When replicate individuals are used to study behavioral development, they allow researchers to estimate how the behavior of each individual would have differed if that individual had been exposed to different experiences earlier in life. To this end, individuals with the same age and genotype are randomly assigned to different treatments. Then the individuals in each treatment are exposed to a different set of stimuli, experiential factors or environmental conditions for a specified period of time. Finally, the behavior of all of the subjects is measured using standard assays at the same age later in life.

Replicate individual designs have, of course, been widely used to study genotypic differences in the developmental plasticity of morphological and life history traits (e.g., Auld et al., 2010). However, they can also be used to describe differences among genotypes in the developmental plasticity of behavior. For instance, researchers have used replicate individual designs to document differences among isolines of Drosophila melanogaster in the effects of the larval rearing medium on adult responses to olfactory stimuli (Sambandan et al., 2008), differences among isolines of D. simulans in the effects of rearing temperature on female choosiness and mate preferences (Ingleby et al., 2013), and differences among paternal half-sibs of waxmoths (Achroia grisella) in the effects of density, temperature, and food levels during the larval period on adult male calling song (Zhou et al., 2008).

Model Description

We only briefly summarize the main assumptions of the model here, since details of the model are available elsewhere (Stamps and Krishnan, in press). We assume that at the time of birth or hatching, individuals already possess information about conditions in the external world, information provided to them by their distant ancestors (e.g., via genes, Leimar et al., 2006; Shea, 2007) and by their immediate ancestors (e.g., via inherited epigenetic factors and maternal effects, Uller, 2008; Shea et al., 2011; Keiser and Mondor, 2013; Burton and Metcalfe, 2014). We assume that at birth or hatching, different individuals in the same population begin life with different information from their ancestors, but that after birth or hatching, all individuals have the same personal experiences, which also provide them with information about conditions in the external world. The key assumption of our model is that, within each individual, information from its ancestors and information from a series of personal experiences is combined over ontogeny through Bayesian-like processes to affect behavior. The model focuses on personal experiences (cues) that provide information about the external world but do not directly affect the resources available for growth and development. For instance, it would apply to experiments in which animals were repeatedly exposed to stimuli from predators or conspecifics, but not to experiments in which the “experience” consisted of restricted food rations or infection by pathogens.
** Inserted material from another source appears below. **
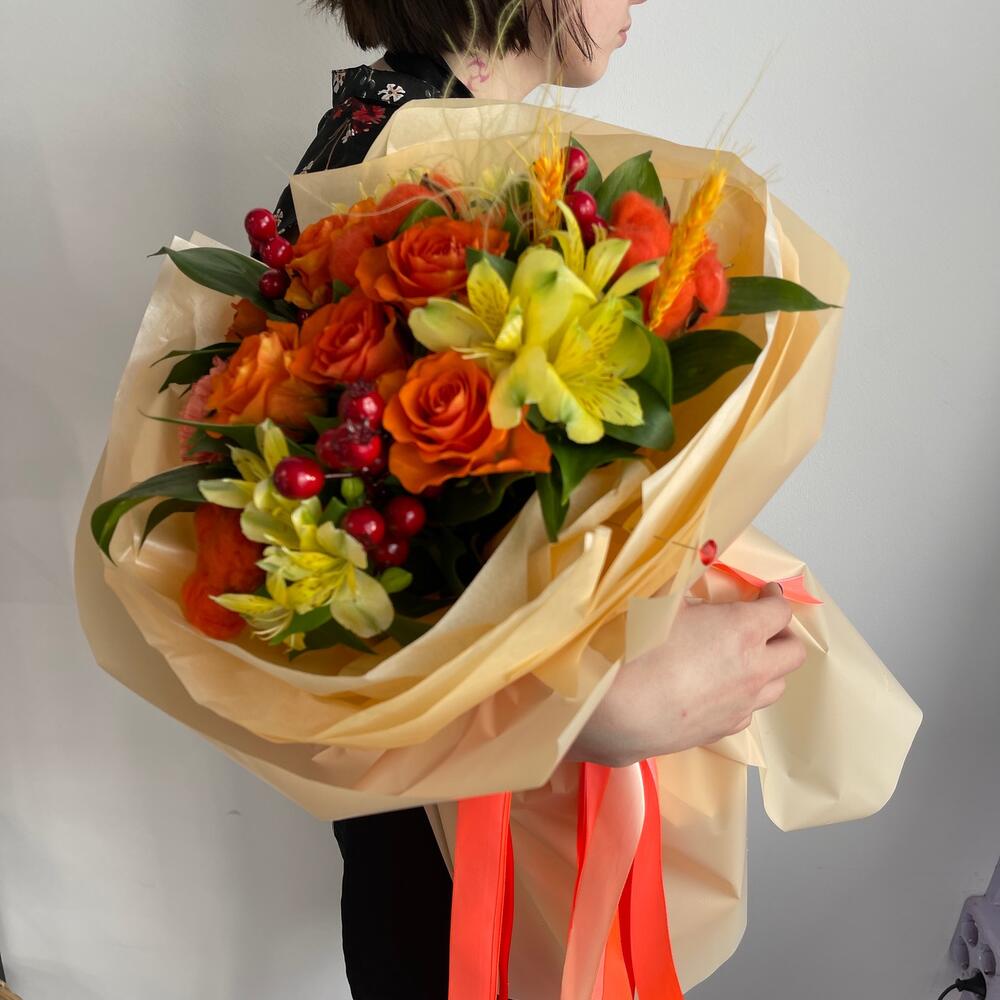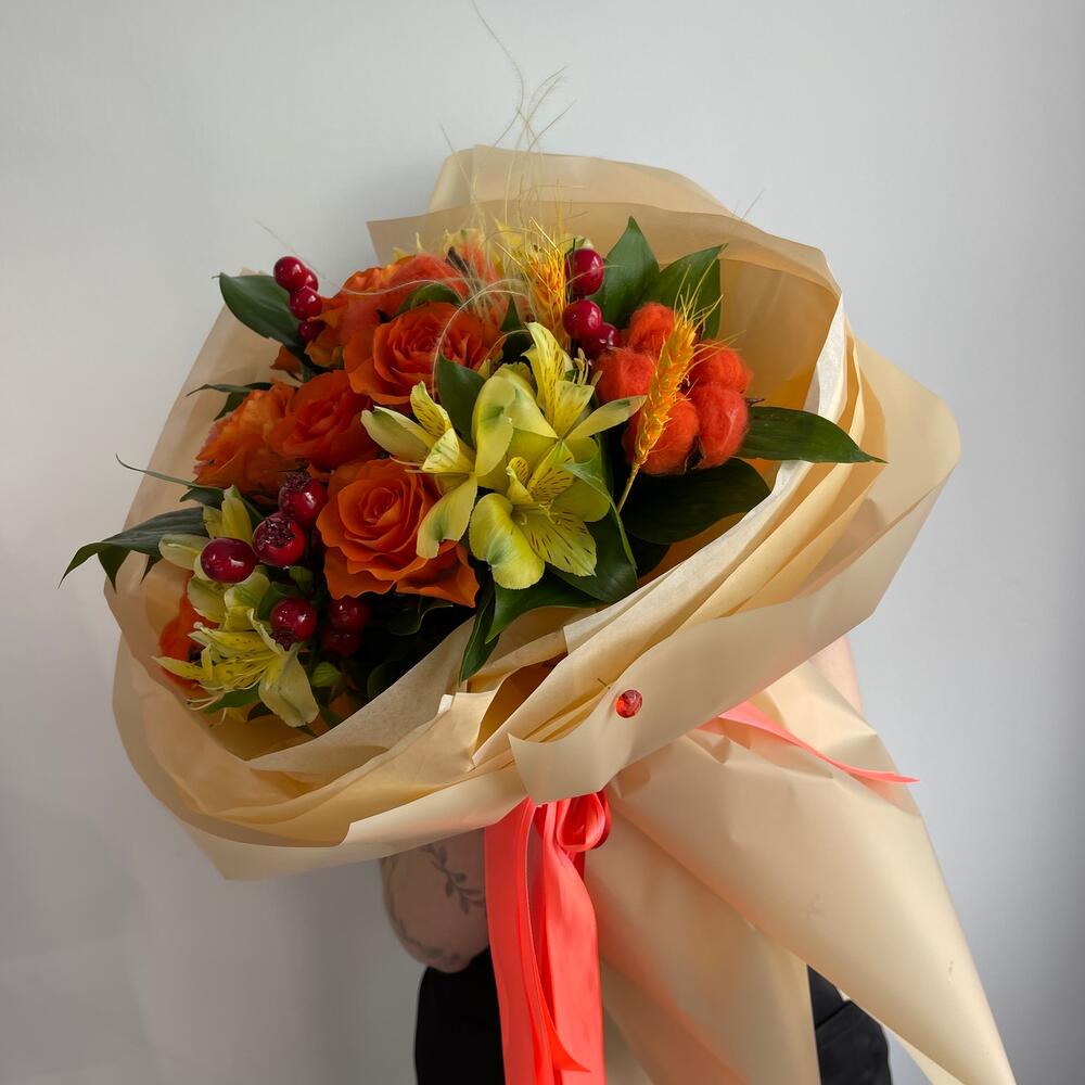 Уважаемые покупатели! Пожалуйста обратите ваше внимание на размер букета при заказе! Он учитывается вместе с упаковкой Чтобы наши прекрасные букеты дольше радовали получателя рекомендуем вам:⭐Обновить срез букета перед тем, как поставить его в воду⭐Ставить цветы в прохладную проточную воду ⭐Меняйте воду в вазу каждый день⭐Не забывайте подрезать цветы, перед тем, как ставить их в воду⭐Не ставить у отопительных приборов и на сквозняке Фирменный стиль наших букетов разработан специально так, чтобы упаковку не нужно было снимать, так как она придаёт целостность букету и прекрасно держится в вазе

As is the case for any Bayesian model of behavior, our model includes four basic components: prior distributions, posterior distributions, likelihood functions and response functions. Informally, a prior distribution specifies an individual's beliefs about a biologically relevant variable (e.g., the state of danger) before it has a given experience (e.g., exposure to cues from a predator), and a posterior distribution specifies that individual's beliefs about that same variable after it has had that experience. The likelihood function for a particular type of experience specifies the probability that that experience would occur, given each possible state of the variable; the response function links belief to action, by specifying the relationship between an individual's current belief (based on its prior or its posterior distribution) and the behavior it expresses based on that belief. Importantly, the posterior distribution after one experience becomes the prior distribution for the next experience. This is why Bayesian approaches are useful for modeling development, where it is typical for a given individual to have a series of experiences over ontogeny, each of which may provide additional information about the state of the world (Frankenhuis and Panchanathan, 2011a,b; Fischer et al., 2014).

The current model assumes that at birth or hatching, individuals have different prior distributions, and that both the variable that individuals are attempting to estimate in the external environment (e.g., the state of danger) and the individuals' behavioral response to that estimate (e.g., their level of boldness) are continuously distributed. When combined, these two assumptions allow us to model personality traits, which may be expressed soon after birth or hatching, and which usually vary continuously across individuals within populations. These assumptions set our model apart from other recent Bayesian models of development, which assume that (1) all of the individuals in a population are born with the same prior distribution, (2) the variable in the external world that animals are attempting to estimate can take on one of only two different states, and (3) there are only two phenotypes, each of which is favored in one of the two states (e.g., Frankenhuis and Panchanathan, 2011a; Fischer et al., 2014). In addition, our assumption that prior and posterior distributions are continuously distributed allows the means and the variances of these distributions to vary independently of one another (see below, Appendix and Discussion); this is not an option in two-state models, since in binomial distributions, the variance is a fixed function of the mean.

In our model, we assume that the variable in the external environment (here, the state of danger) varies continuously from 0 to 1 (we divide the interval from 0 to 1 into 100 equally spaced states for ease of numerical computation), and use beta distributions to describe both prior distributions and likelihood functions. Beta distributions use two parameters (α and β) to generate a wide variety of monotonically increasing, monotonically decreasing, unimodal (hump-shaped), and uniform distributions. We do not, however, consider U-shaped prior distributions or likelihood functions (α < 1 and β < 1), in which extremely high and extremely low values of the variable are both more likely to occur than any intermediate values of the variable. This is because situations in which both extreme values of a variable are more likely to occur than any intermediate value are more easily and appropriately modeled using two-state rather than multiple-state Bayesian models.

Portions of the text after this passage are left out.